Here is an example of Brazil fighting inflation June 8, 2011:
Policymakers voted unanimously to raise the so-called Selic rate to 12.25 percent from 12 percent, a move all 21 economists in a Reuters survey expected.
In a statement that was nearly identical to that of its April rate hike, the bank said it had weighed risks to inflation and the still uncertain signs as to what extent Brazil's economic boom is slowing.
The bank said that, as a result, it believed that the "most adequate strategy" to bring inflation back down to the center of its target range next year was tight monetary policy "for a sufficiently prolonged period."

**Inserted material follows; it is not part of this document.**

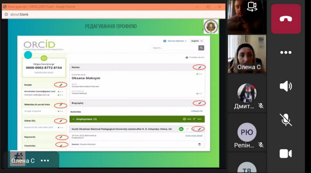 Викладачі кафедри педагогіки та аспіранти спеціальностей 011 Освітні, педагогічні науки і 015 Професійна освіта 21 вересня 2023 року брали участь в онлайн-лекції «ORCID: профіль науковця», яка була організована співробітниками бібліотеки Університету Ушинського. На лекції були розглянуті питання реєстрації, наповнення та ведення профілю. За допомогою мультимедійної презентації надано алгоритми простих і послідовних дій, які необхідно зробити користувачеві-науковцю, щоб досягнути бажаного результату. На зустрічі було розглянуто питання про особливості і переваги ORCID: спрощення та автоматизація процесу ідентифікації авторів і забезпечення можливості однозначного зв’язку з їх публікаціями; усунення проблеми різних варіантів транслітерації прізвищ дослідників, відмінностей в національних стандартах бібліографічних описів; надання унікального ідентифікатора і забезпечення можливості ведення персонального облікового запису для відображення дослідницької діяльності.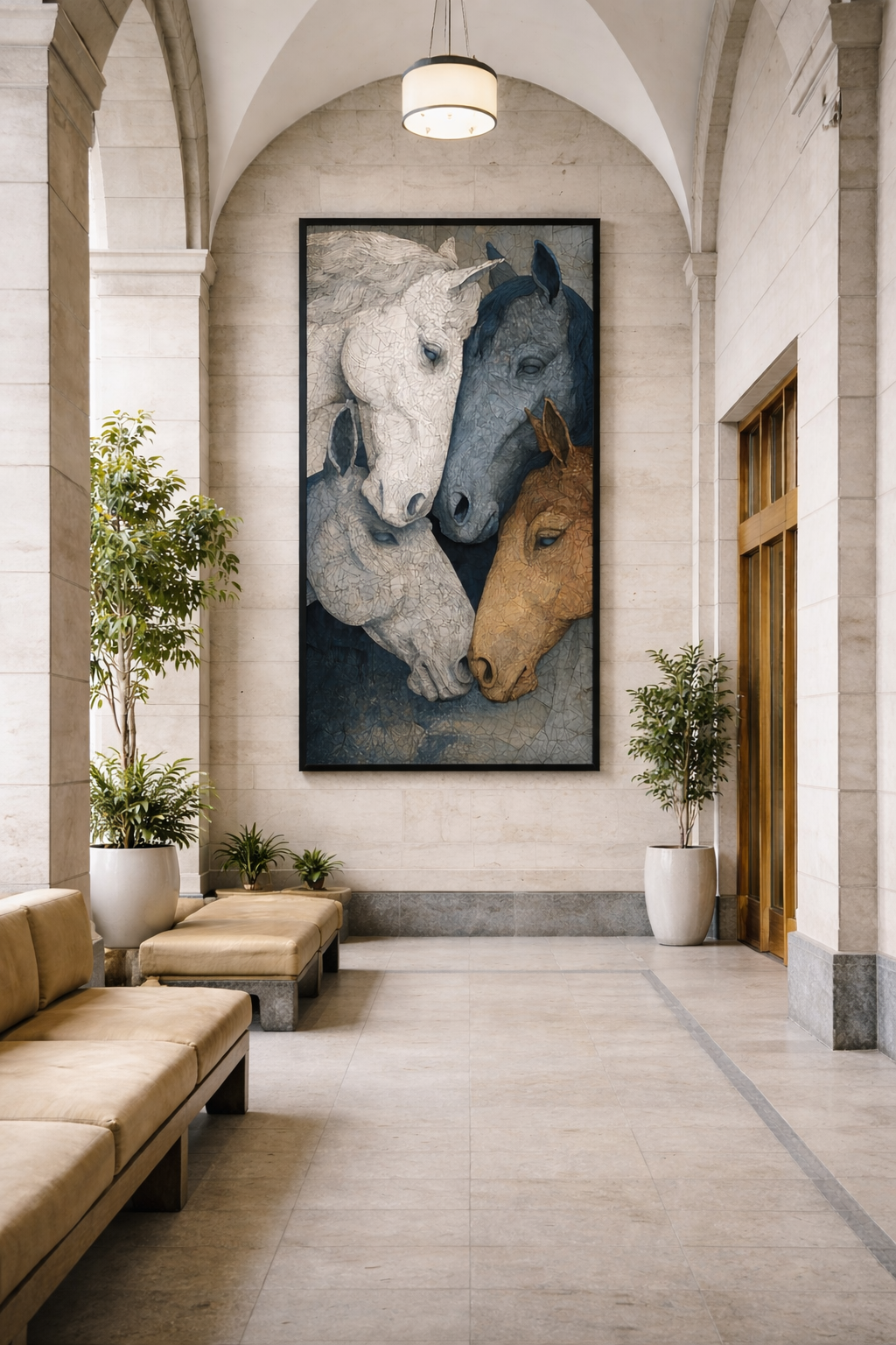 Cette œuvre majestueuse met en scène trois chevaux réunis dans un moment de calme et de complicité, symbolisant la force, l’unité et l’harmonie. Les textures raffinées et la palette douce de tons minéraux apportent profondeur et noblesse à la composition. Idéale pour un hall, un salon spacieux ou un lieu de prestige, Union Sauvage impose une présence artistique forte et intemporelle, sublimant l’espace avec élégance et caractère.

Keeping that phrase "makes it understood that the central bank is really going after the inflation target, at least in 2012, and that we can expect another rate hike in July," said Clodoir Vieira, the chief economist at the Souza Barros brokerage.
While monthly inflation is slowing after a surge on higher commodity prices and strong demand, 12-month inflation remains above the upper limit of the government's target, reaching 6.55 percent in May.
Central Bank President Alexandre Tombini has said the bank's policymakers are committed to ending the year with inflation as close as possible to the government target of 4.5 percent, plus or minus two percentage points.
Strong inflation puts Brazil among a group of powerhouse emerging markets, such as China and India, that are raising interest rates to try to control the price pressures that come with brisk growth.
In contrast, many developed markets, including the United States, find themselves trying to boost anemic growth by keeping interest rates ultra-low.